TASK
The lines below from the one with "Various external compartments" up to and including the one with "do: housework, homework, make: dinner, coffee, breakfast, a" are what you should set down, exactly and without pictures.

DATA EXCERPTS
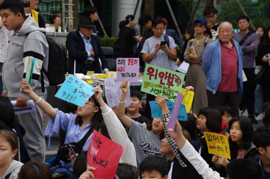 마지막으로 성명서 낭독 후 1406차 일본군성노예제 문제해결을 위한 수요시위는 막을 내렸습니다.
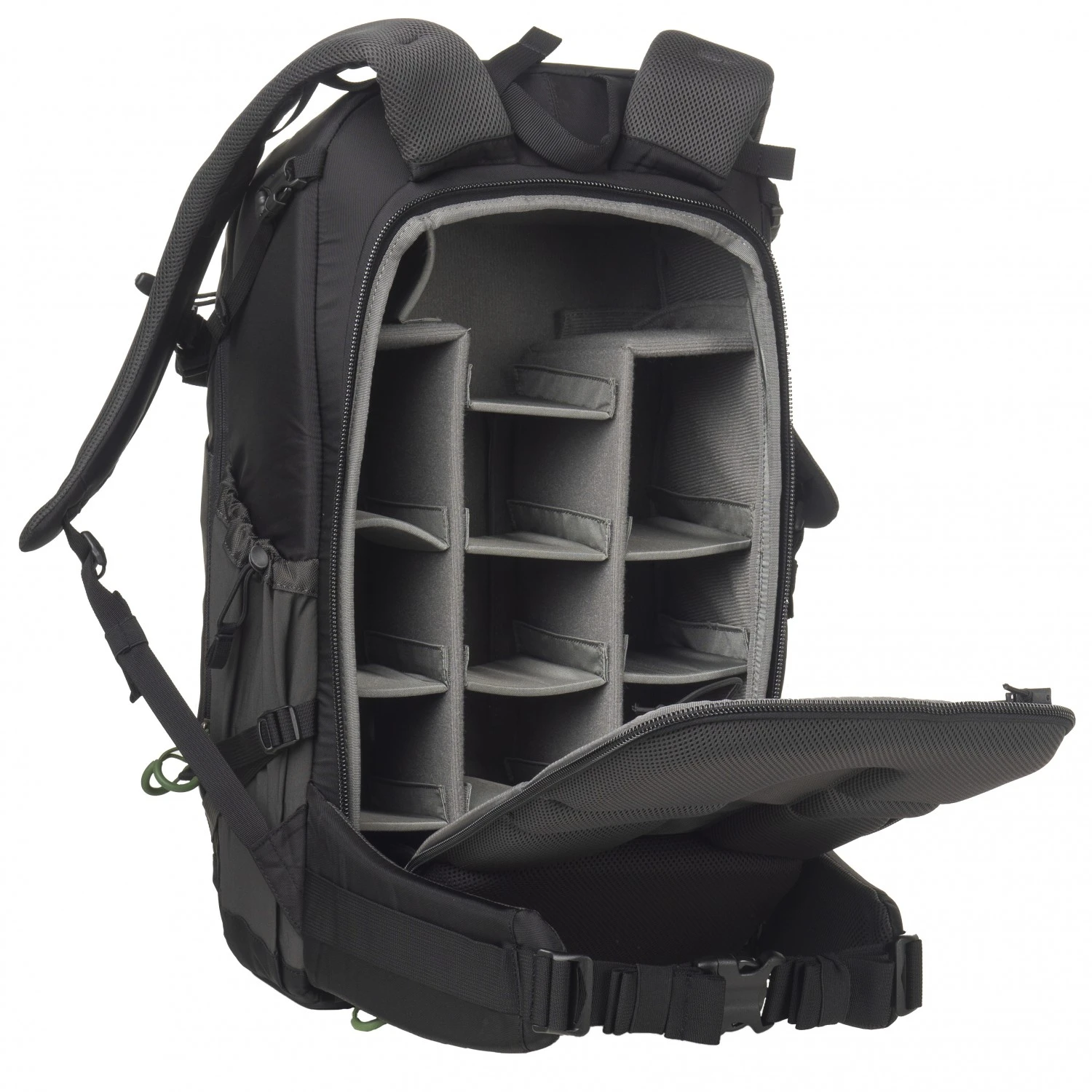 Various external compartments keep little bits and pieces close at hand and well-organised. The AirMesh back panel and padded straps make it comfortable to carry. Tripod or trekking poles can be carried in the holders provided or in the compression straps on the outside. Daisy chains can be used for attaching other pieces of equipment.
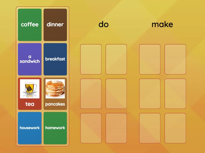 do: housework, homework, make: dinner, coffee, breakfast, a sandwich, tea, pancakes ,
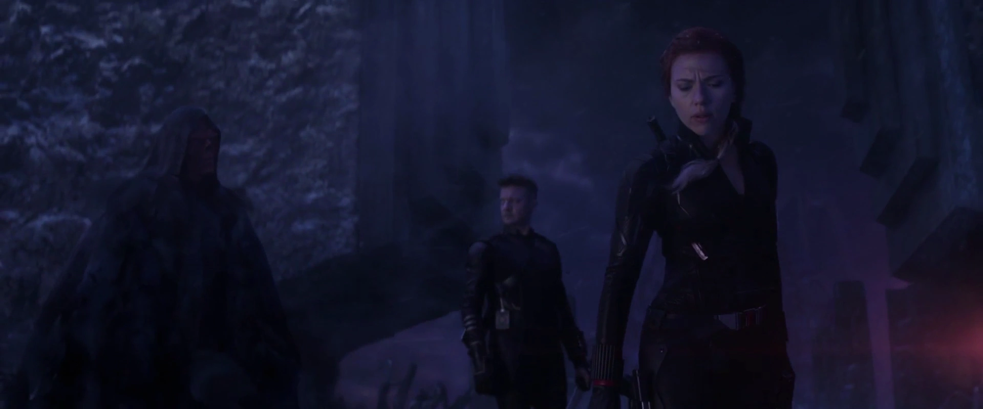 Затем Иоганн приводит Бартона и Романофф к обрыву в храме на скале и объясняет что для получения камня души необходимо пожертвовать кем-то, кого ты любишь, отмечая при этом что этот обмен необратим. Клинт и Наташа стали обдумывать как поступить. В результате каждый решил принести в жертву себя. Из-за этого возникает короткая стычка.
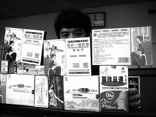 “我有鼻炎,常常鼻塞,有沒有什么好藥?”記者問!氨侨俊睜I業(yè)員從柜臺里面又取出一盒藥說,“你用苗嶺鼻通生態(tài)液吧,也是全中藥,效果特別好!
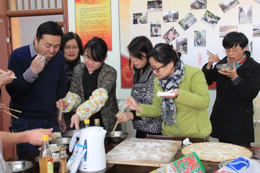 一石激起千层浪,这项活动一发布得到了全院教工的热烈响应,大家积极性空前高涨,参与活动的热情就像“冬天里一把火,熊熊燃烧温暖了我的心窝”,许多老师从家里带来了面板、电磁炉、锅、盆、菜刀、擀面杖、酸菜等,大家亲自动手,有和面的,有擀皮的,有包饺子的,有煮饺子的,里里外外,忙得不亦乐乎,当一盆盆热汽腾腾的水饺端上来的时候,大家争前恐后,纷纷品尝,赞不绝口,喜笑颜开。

RESPONSE BELOW
 Various external compartments keep little bits and pieces close at hand and well-organised. The AirMesh back panel and padded straps make it comfortable to carry. Tripod or trekking poles can be carried in the holders provided or in the compression straps on the outside. Daisy chains can be used for attaching other pieces of equipment.
 do: housework, homework, make: dinner, coffee, breakfast, a sandwich, tea, pancakes ,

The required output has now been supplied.